Both data sets are freely available for download at their respective links in the above table. Word Vector Shoreline (WVS) data is in the form of land polygons whereas the Prototype Global Shoreline (PGS) data comes in the form of lines. The PGS data is based on 2000 Landsat imagery (~30m resolution) which is finer than the WVS which at it’s finest scale is about ~2.5km. Both data sets are old with newer imagery only being used to fill in gaps.

3.2.5 Bottom Depth (Bathymetry) and Ocean Floor Topography (Slope)

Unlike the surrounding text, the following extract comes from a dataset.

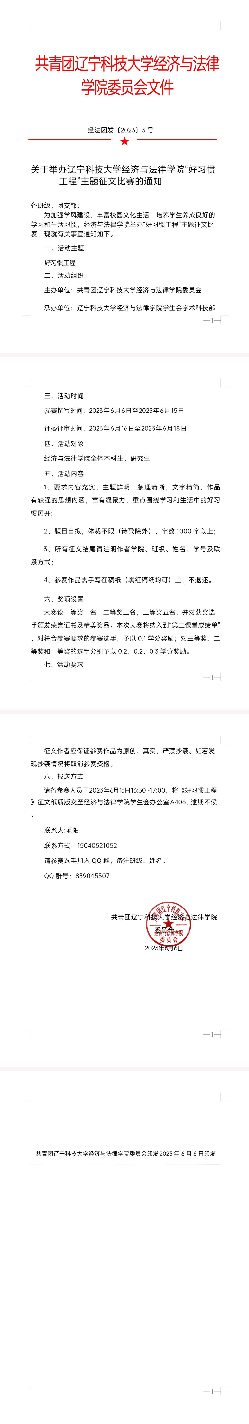 关于举办易游经济与法律学院“好习惯工程”主题征文比赛的通知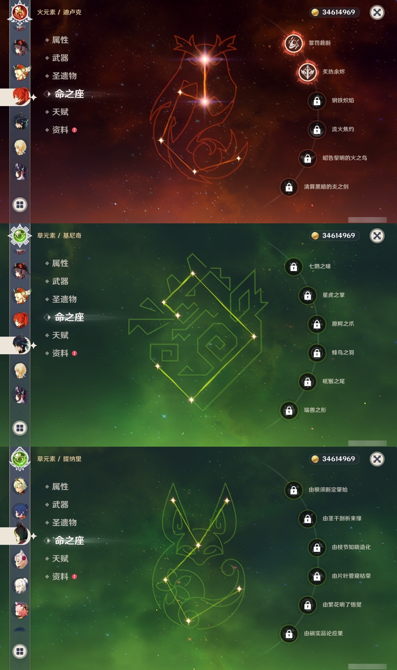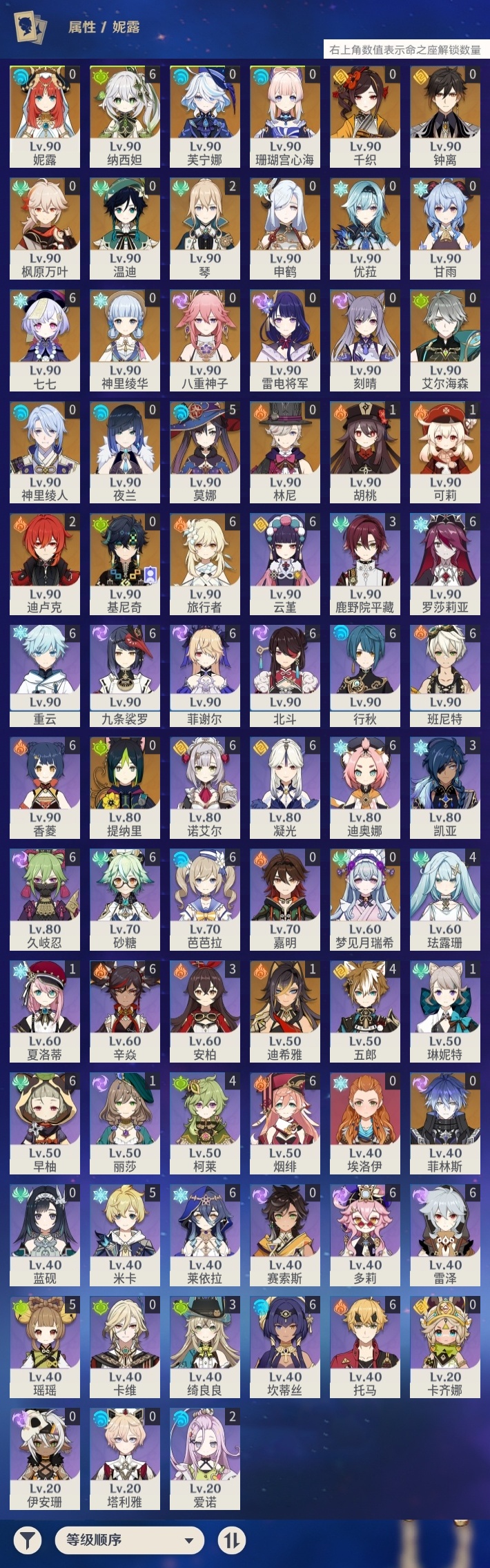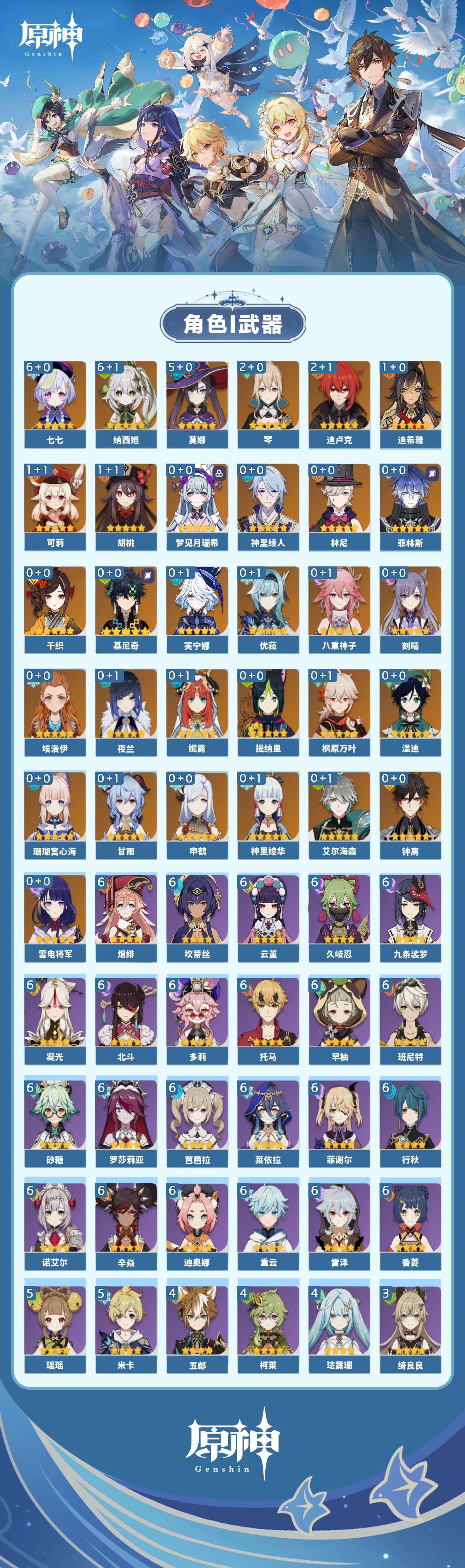 【原神】【lyys10086】冒险等级:60,五星数量:51,五星角色:七七 6命纳西妲 6命莫娜 5命迪卢克 2命琴 2命迪希雅 1命胡桃 1命可莉 1命基尼奇珊瑚宫心海神里绫华温迪优菈钟离梦见月瑞希申鹤八重神子神里绫人林尼夜兰芙宁娜提纳里千织妮露菲林斯艾尔海森枫原万叶甘雨刻晴雷电将军__五星武器:碧落之珑静水流涌之辉裁叶萃光阿莫斯之弓苍古自由之誓风鹰剑和璞鸢护摩之杖狼的末路磐岩结绿四风原典松籁响起之时天空之傲天空之刃天空之翼雾切之回光神乐之真意若水圣显之钥千夜浮梦__四星角色:班尼特 6命行秋 6命九条裟罗 6命香菱 6命久岐忍 6命凝光 6命迪奥娜 6命砂糖 6命莱依拉 6命坎蒂丝 6命多莉 6命芭芭拉 6命云堇 6命早柚 6命托马 6命烟绯 6命重云 6命辛焱 6命诺艾尔 6命罗莎莉亚 6命雷泽 6命菲谢尔 6命北斗 6命瑶瑶 5命米卡 5命珐露珊 4命柯莱 4命五郎 4命鹿野院平藏 3命绮良良 3命爱诺 2命琳妮特 1命夏洛蒂 1命埃洛伊卡齐娜卡维蓝砚嘉明伊安珊塔利雅赛索斯

Bottom depth and topography have been shown to influence sea duck distribution likely due to a number of factors. Mostly because these species rely heavily on benthic organisms, such as mollusks, sea ducks will prefer shallower areas for foraging where they can reach the sea floor that is supportive of prey populations (Lamb et al. 2020; Zipkins et al. 2010). Bottom depth and topography may also act as proxies for finer scale processes such as currents and eddies (Lamb et al. 2020).

3.2.5.1 Data Sources

Dataset Format Unit Resolution (km2) Timescale Geography Source
2-minute Gridded Global Relief Data, (ETOPO2) v2 geoTiff (.geotiff) or netCDF (.nc) m 0.2025 Static US/CAD National Centers for Environmental Information
Coastal Relief Model US netCDF (.nc) m 0.0081 Static US National Centers for Environmental Information
Canadian Hydrographic Service Non-Navigational (NONNA) Bathymetric Data geoTiff (.geotiff) and others m 0.1 or 1 Static CAD Canadian Hydrographic Service
Salish Sea Bathymetry Basemap geoTiff (.geotiff) m 0.0081 Static US/CAD Salish Sea Atlas (Western Washington University)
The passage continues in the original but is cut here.